NZL 82 was a 2003-generation International America's Cup Class racing yacht. Raced by defenders Team New Zealand in the 2003 America's Cup match, she was defeated 5–0 by challenger Alinghi (SUI 64).

== Design ==
After the successful 2000 defence in Auckland, many senior Team New Zealand members were lured to richer syndicates and their challenges for the 2003 America's Cup. Most notable among these departures were those of Russell Coutts and Brad Butterworth to Swiss challengers Alinghi. These departures resulted in a lack of senior leadership at Team New Zealand, which along with a relative lack of funds, caused the team to resort to radical design innovations in an attempt to defend the cup with raw boat speed alone.
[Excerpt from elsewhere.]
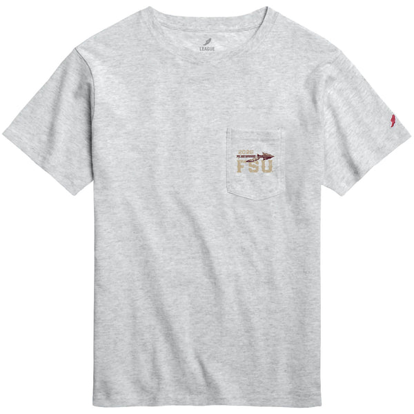 Material | 100% Cotton. Color | Ash. Men's short sleeve pocket t-shirt with distressed screen printed 2026 FSU Spear left chest. Distressed screen printed PBR design full back.

NZL 82 was notable for her design innovations. The most controversial of these was the so-called "HULA" (Hull Appendage) – a flat appendage attached to the afterbody of the hull designed to increase waterline length (and therefore speed) without increasing the overall length of the boat. Another radical innovation was the keel bulb, which at approximately 7 m in length, was over 2 m longer than its competitors of the time.

==Career==
=== America's Cup ===
NZL 82 was used in Team New Zealand's 2003 America's Cup defence. She was completely ineffective, losing 0–5 to challenger Alinghi. The defeat was largely due to NZL 82s lack of reliability.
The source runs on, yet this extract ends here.